1. Origine et Genèse de la Sociologie
A. La sociologie fille de la modernité
La sociologie émerge à l'époque moderne, en lien avec la Renaissance et les révolutions sociales et politiques majeures (comme la Révolution française). Elle est marquée par trois grandes transformations :
- La naissance de l'État moderne.
- L'émergence du capitalisme moderne, associé à l’industrialisation.
- Le développement des sciences et de la technique.
Cela entraîne un changement dans la manière de concevoir l’homme et la société. Trois questions centrales émergent :
- Qu'est-ce que l'homme ? (XVIe siècle)
- Comment les hommes ont-ils constitué leur monde ? (XVIIIe siècle)
- La société est-elle le produit de sa propre histoire ? (Révolution française)
B. De la Renaissance au XIXe siècle : Premières réflexions sur les fondements rationnels de la société
La Renaissance et la Réforme protestante sont des moments clé qui amorcent une rupture avec les explications religieuses dominantes. Des idées nouvelles apparaissent, marquées par la révolution copernicienne et une volonté de comprendre la société à travers des méthodes scientifiques. Au XVIIe et XVIIIe siècles, les Lumières renforcent cette pensée, prônant l'individualisme et l'usage de la raison, ce qui aboutit à la naissance d'une science de la société.
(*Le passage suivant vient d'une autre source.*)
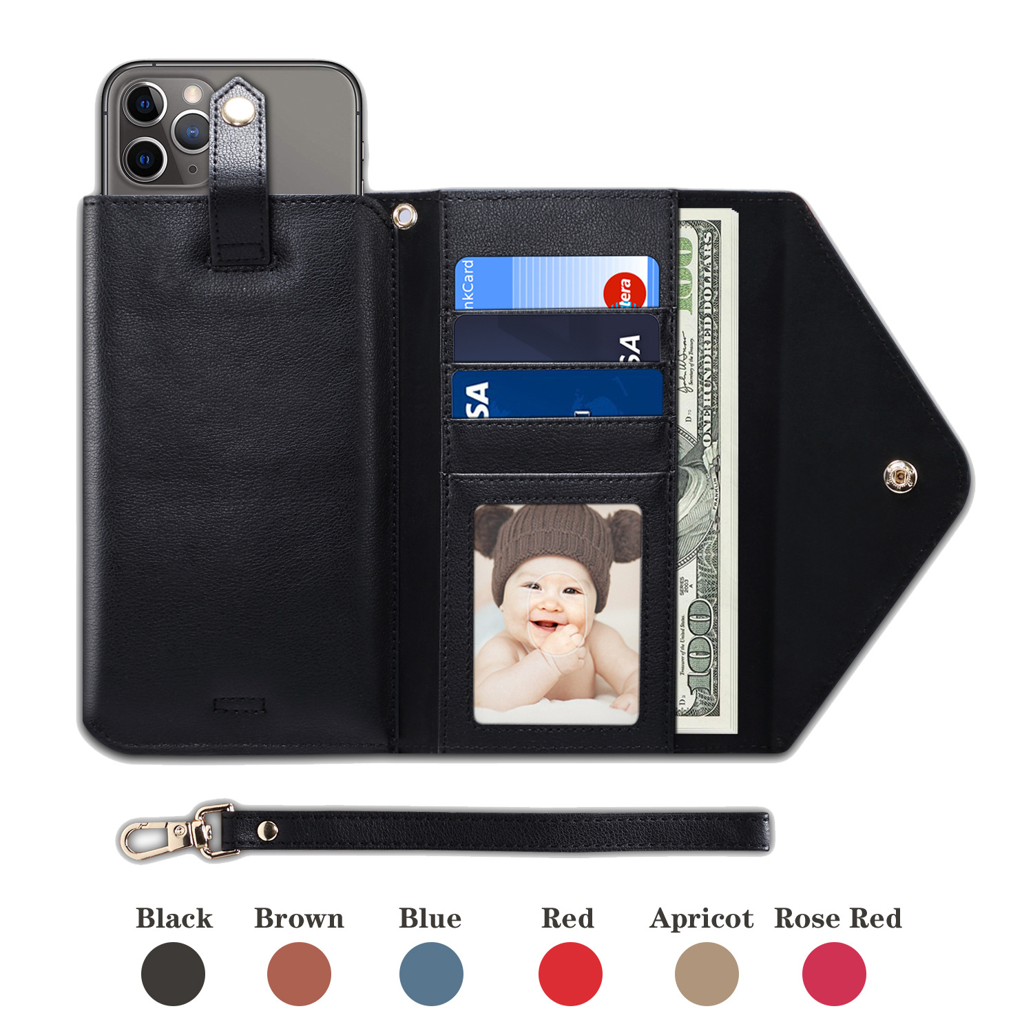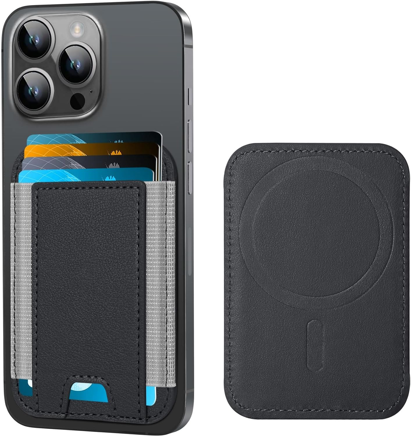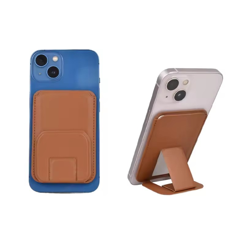 The Leather Wallet with MagSafe function, and the magnetism is strong. It is elastic and it has the anti-lost finger loop design, and it also could be a stand, which is really useful. We have made some upgraded at its edge, the edge is made of plastic, and it looks more smoother, luxury, pretty and it is more durable.
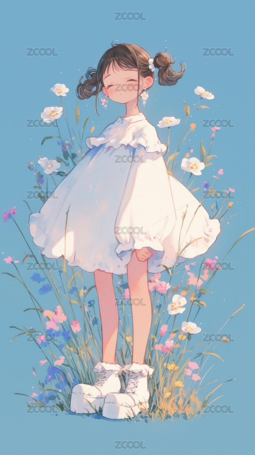 花丛中的小女孩
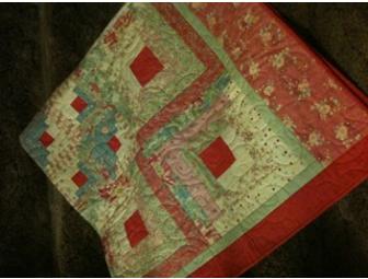 Handmade quilted throw-54x60-in colors of peach, yellow & turquoise.
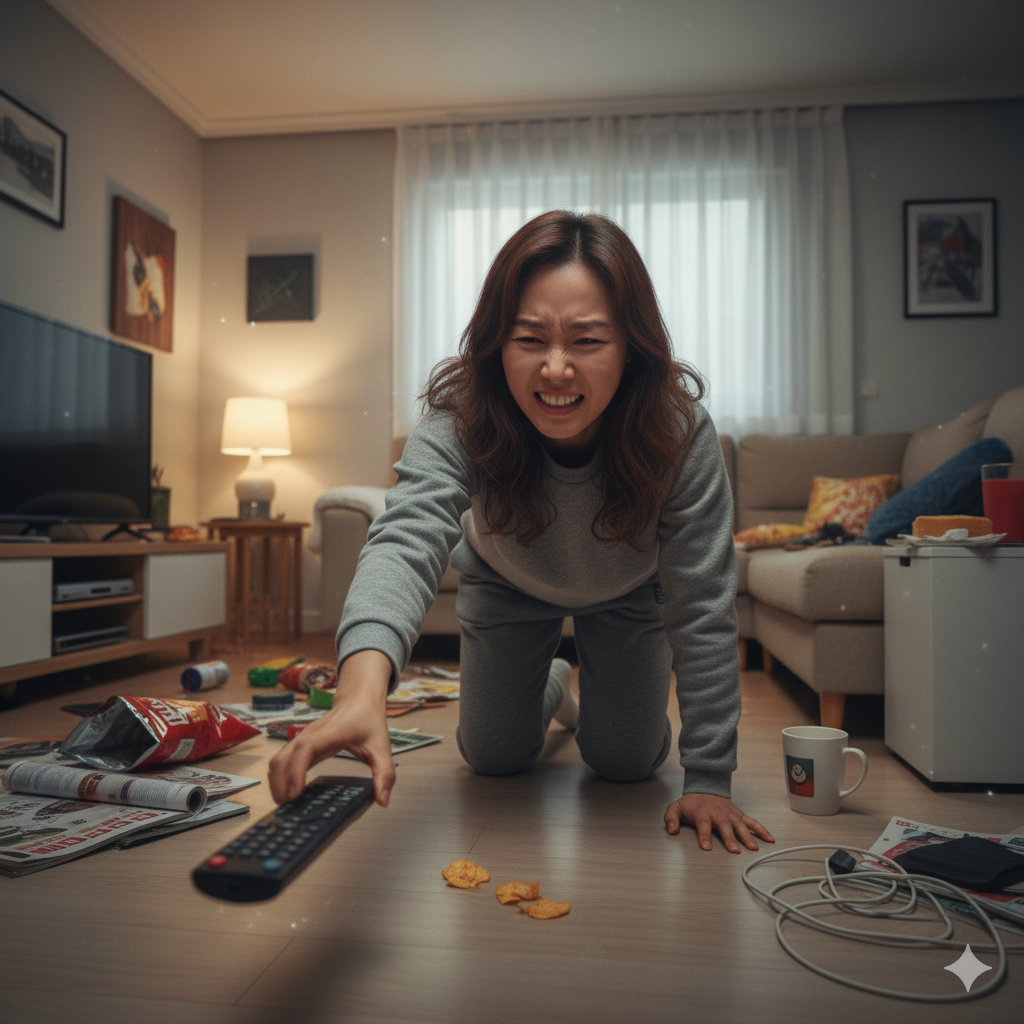 김집순: (낑낑거리며 리모컨을 향해 기어가며) 시끄럽다, 김태리! 내가 허리를 움직여야 사람이냐? 움직일수록 더 아픈데? 내가 로봇 청소기처럼 바닥을 훑어야 편하단 말이야! 너도 내 허리 돼봐라!
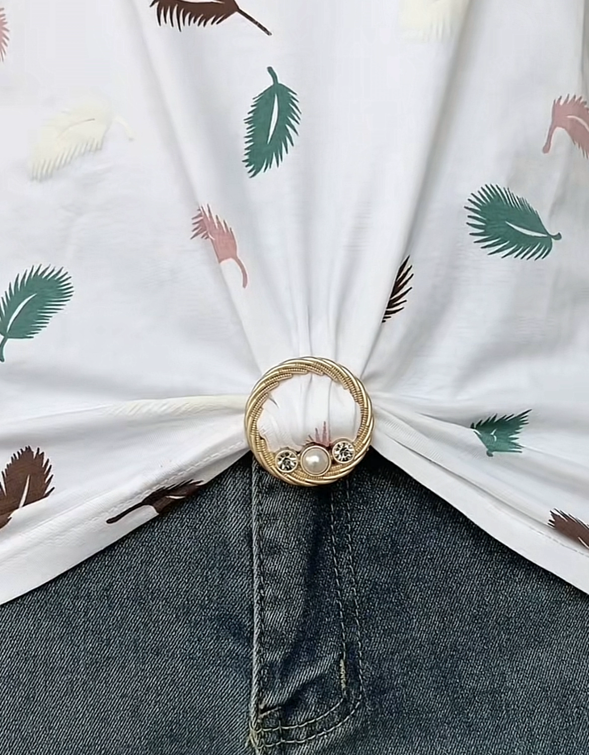 T -shirt knotting fashion silk towel fixed buckle ring
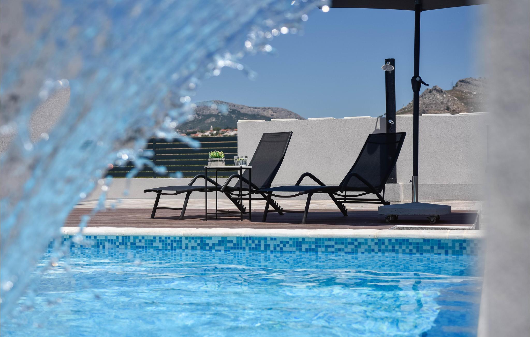 Dieses wunderbare Ferienhaus mit Pool und integriertem Whirlpool befindet sich im ruhigen Wohnviertel Kamen bei Split. Das Haus ist behindertengerecht eingerichtet und besteht aus einem geräumigen Wohnzimmer mit Küche und Essbereich, 4 Schlafzimmern, 3 Badezimmern und einer zusätzlichen Toilette. Neben dem gepflegten Garten erwartet Sie eine Terrasse mit Gartenmöbeln und Außenkamin und selbstverständlich wurde auch daran gedacht, dass für die jüngsten Gäste Spielsachen vorhanden sind. In etwa 10 Autominuten erreichen Sie das Zentrum der Stadt Split mit dem Diokletianpalast, der auf der UNESCO-Liste des Weltkulturerbes steht. Wenn Sie im Meer schwimmen möchten, dann finden Sie Sand- und Kieselstrände mit vielen Freizeitangeboten in der Nähe.
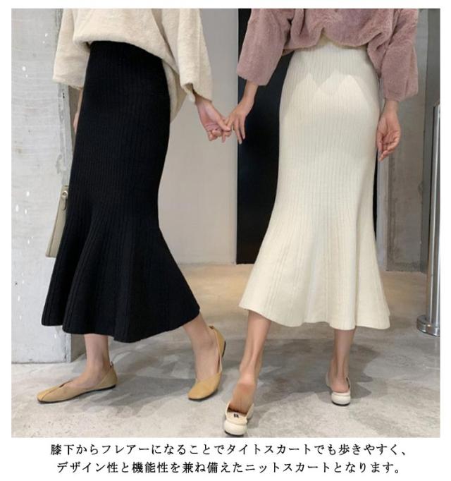 マーメイドスカート ミモレ丈 ウエストゴム マーメイドスカート タイトスカート レディース マーメイドシルエット 着痩せ リブニット ニット スカート ニットスカート 可愛い 美脚 通勤 通学 春 秋
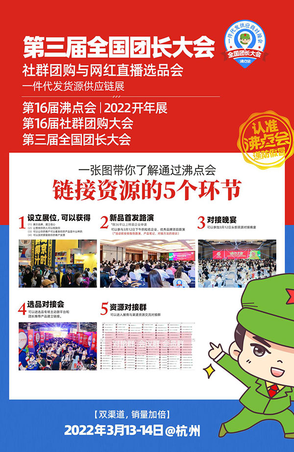全國團長大會是由沸點會展創(chuàng)辦,旨在助力供貨商拓展團長渠道實現(xiàn)銷售增長。到目前為止,全國團長大會已經(jīng)成功了舉辦了2屆,行業(yè)頭部的團長,頭部社群團購平臺都來活動現(xiàn)場來選品,鏈接資源。第3屆全國團長大會將于3月13-14號在杭州國際博覽中舉辦。
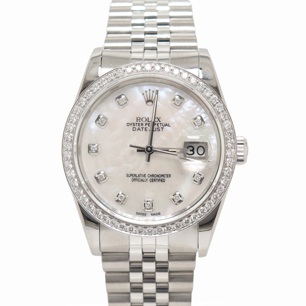 Rolex Datejust 36 Stainless Steel Custom White MOP Diamond Dial Watch Reference# 16234
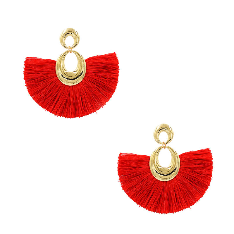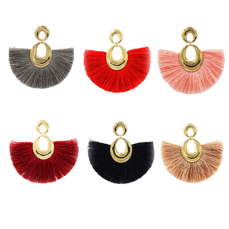 Name: Water drop fan-shaped tassel earringsMaterial: Alloy + WhiskersSize: about 6cm in length, about 7cm in widthType: Ear stud
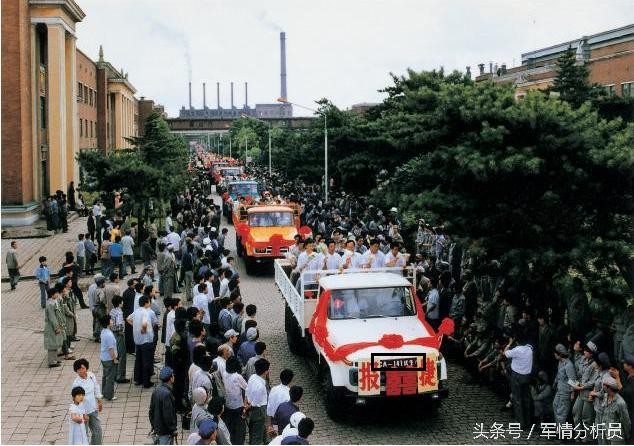 1986年7月15日,解放CA141型载货车批量试生产成功,向全场职工报捷。

Montesquieu, bien que précurseur, ne se considère pas comme un sociologue. Son œuvre "De l’esprit des lois" cherche à établir des lois sociales basées sur une analyse rationnelle, sans se référer aux divinités. Bien que ses idées soient proches de celles des sociologues modernes, il se concentre sur des sociétés prémodernes.
2. Les débuts d’une science nouvelle au XIXe siècle
A. Le courant libéral : Primauté aux faits démocratiques
Le courant libéral se développe directement en lien avec la Révolution française, mettant en avant les droits de l'homme et la liberté individuelle. Alexis de Tocqueville est un auteur majeur de ce mouvement. Il analyse les sociétés démocratiques, notamment la France et l'Amérique, dans deux ouvrages principaux :
- "De la démocratie en Amérique" : Il y compare les systèmes politiques américains et français, en soulignant que la démocratie et la liberté sont indissociables. Pour Tocqueville, l'égalité des conditions est essentielle pour garantir la liberté individuelle et politique. Il craint que l'égalisation des conditions mène à des dangers comme la tyrannie de la majorité, l'individualisme excessif, et un pouvoir centralisé et despotique.
- "L'Ancien Régime et la Révolution" : Tocqueville y examine la France post-révolutionnaire et montre que, contrairement à ce qu'on pense, la Révolution n'a pas apporté une rupture totale, mais a plutôt étendu un processus d'égalisation des conditions déjà en cours sous l'Ancien Régime.
Tocqueville identifie plusieurs dangers pour les démocraties modernes :
- La tyrannie de la majorité : L'égalisation des conditions peut mener à un conformisme où la liberté individuelle est restreinte.
- L'individualisme : Le repli sur soi et l'isolement social diminuent l'engagement citoyen.
- L'État protecteur et despotique : En délégant la liberté politique à un pouvoir centralisé, la démocratie peut se transformer en un régime autoritaire.
- Les barrières raciales et culturelles : En Amérique, l'égalisation des conditions a souvent profité à la culture dominante (blanche) au détriment des minorités.
Tocqueville conclut que, bien que la Révolution française ait élargi l'égalisation des conditions, elle n'a pas résolu les tensions entre égalité et liberté. Il suggère des solutions comme la décentralisation du pouvoir et la création d'associations pour maintenir l'équilibre.